**PROBLEM**
Without any pictures, print the lines below from the one that has "Portfel posiada funkcjonalną" through the one that has "Damskie Eko Zamszowe", exactly and nothing else.

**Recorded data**

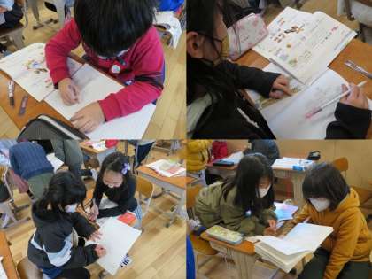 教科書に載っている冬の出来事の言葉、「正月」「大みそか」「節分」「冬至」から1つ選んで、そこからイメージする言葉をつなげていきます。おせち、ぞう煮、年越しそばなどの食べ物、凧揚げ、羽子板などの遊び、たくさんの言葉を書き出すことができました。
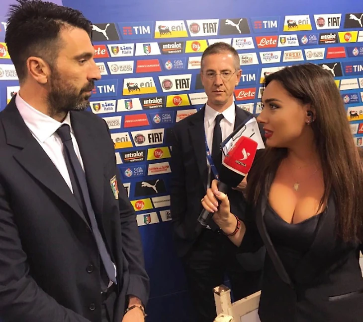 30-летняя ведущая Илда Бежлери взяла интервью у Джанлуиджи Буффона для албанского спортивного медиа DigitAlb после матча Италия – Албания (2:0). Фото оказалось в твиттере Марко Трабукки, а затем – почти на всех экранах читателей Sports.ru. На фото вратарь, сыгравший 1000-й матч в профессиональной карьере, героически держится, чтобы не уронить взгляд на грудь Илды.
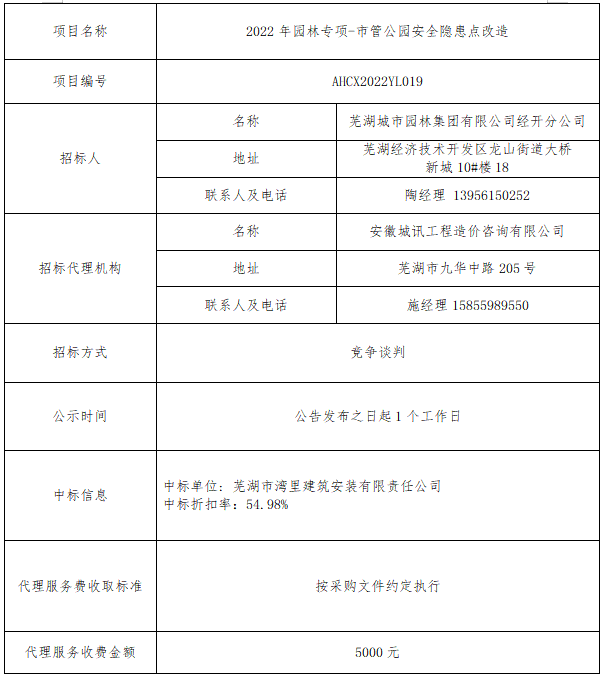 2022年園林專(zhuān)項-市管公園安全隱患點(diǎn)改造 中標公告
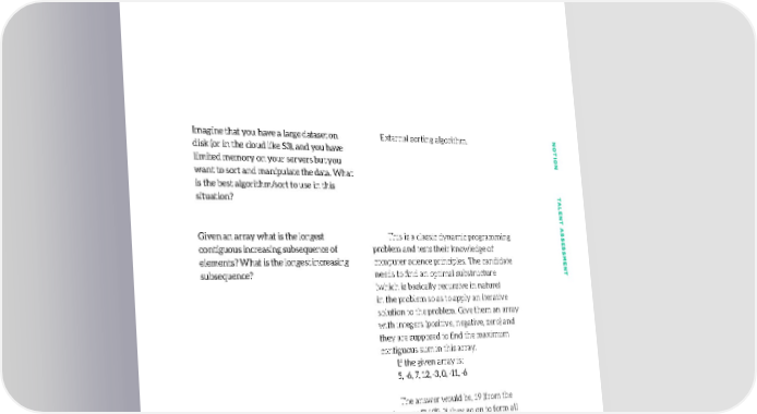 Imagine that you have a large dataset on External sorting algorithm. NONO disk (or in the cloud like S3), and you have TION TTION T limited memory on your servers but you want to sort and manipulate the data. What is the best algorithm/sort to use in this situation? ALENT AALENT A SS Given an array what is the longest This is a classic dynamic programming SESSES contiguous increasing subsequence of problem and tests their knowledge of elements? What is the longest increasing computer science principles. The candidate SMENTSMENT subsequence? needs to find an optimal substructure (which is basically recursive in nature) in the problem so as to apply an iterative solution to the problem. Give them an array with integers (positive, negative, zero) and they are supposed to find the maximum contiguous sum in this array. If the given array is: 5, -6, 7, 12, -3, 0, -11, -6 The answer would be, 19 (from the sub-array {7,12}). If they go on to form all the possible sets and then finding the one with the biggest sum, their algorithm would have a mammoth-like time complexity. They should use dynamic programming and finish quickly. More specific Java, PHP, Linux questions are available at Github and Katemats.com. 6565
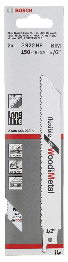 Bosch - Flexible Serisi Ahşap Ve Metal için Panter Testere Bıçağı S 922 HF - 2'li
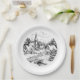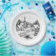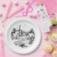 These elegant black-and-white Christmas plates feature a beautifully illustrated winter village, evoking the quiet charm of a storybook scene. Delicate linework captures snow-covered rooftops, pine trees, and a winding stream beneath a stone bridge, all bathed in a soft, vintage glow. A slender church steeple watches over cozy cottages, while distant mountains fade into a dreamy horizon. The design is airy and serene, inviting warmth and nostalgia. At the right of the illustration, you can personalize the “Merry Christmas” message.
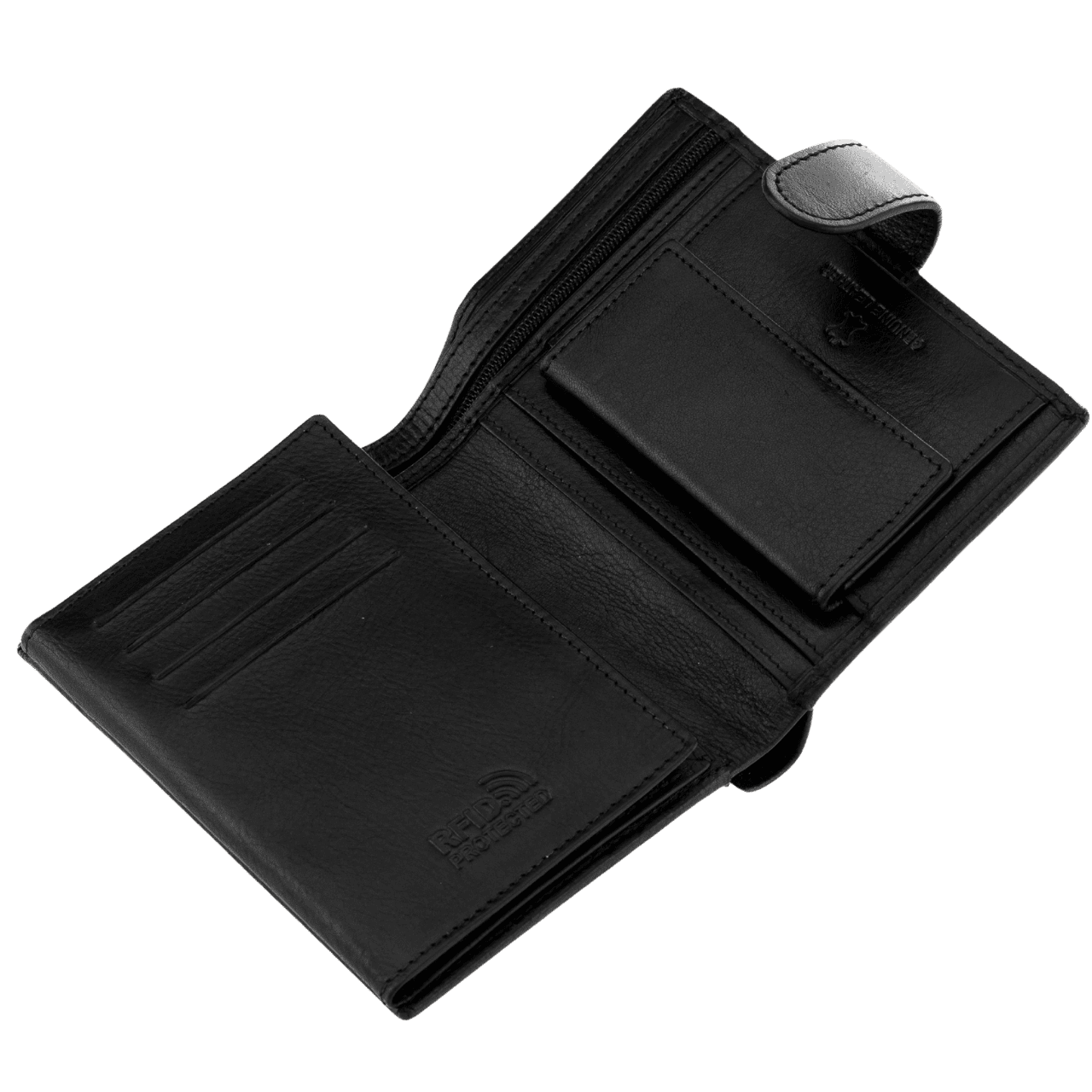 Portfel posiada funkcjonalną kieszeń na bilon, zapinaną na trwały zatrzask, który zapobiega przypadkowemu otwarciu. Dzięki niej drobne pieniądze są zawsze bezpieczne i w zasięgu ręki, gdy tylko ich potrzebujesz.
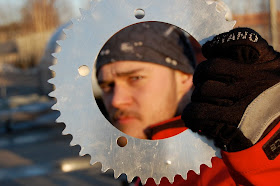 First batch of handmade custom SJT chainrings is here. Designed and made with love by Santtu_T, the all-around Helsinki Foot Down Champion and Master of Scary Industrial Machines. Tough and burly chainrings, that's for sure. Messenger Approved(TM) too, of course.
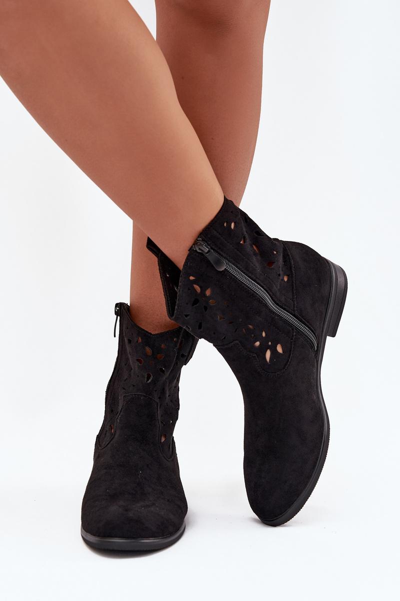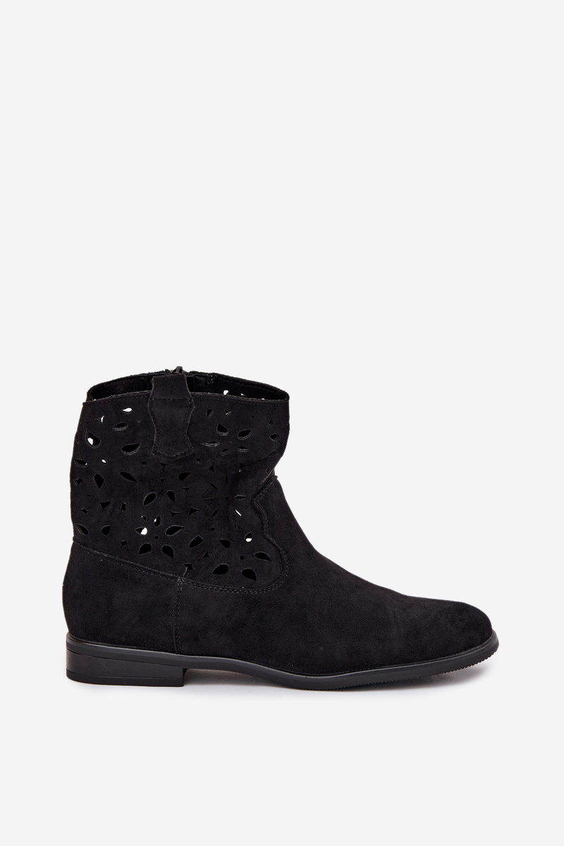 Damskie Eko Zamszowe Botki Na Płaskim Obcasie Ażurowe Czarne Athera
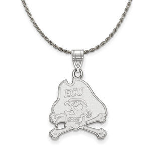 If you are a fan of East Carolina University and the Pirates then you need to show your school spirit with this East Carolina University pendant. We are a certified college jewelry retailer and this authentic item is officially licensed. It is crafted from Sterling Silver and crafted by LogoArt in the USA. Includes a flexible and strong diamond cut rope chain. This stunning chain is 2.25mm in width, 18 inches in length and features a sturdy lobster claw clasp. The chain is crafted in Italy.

**TASK SOLUTION**
 Portfel posiada funkcjonalną kieszeń na bilon, zapinaną na trwały zatrzask, który zapobiega przypadkowemu otwarciu. Dzięki niej drobne pieniądze są zawsze bezpieczne i w zasięgu ręki, gdy tylko ich potrzebujesz.
 First batch of handmade custom SJT chainrings is here. Designed and made with love by Santtu_T, the all-around Helsinki Foot Down Champion and Master of Scary Industrial Machines. Tough and burly chainrings, that's for sure. Messenger Approved(TM) too, of course.
 Damskie Eko Zamszowe Botki Na Płaskim Obcasie Ażurowe Czarne Athera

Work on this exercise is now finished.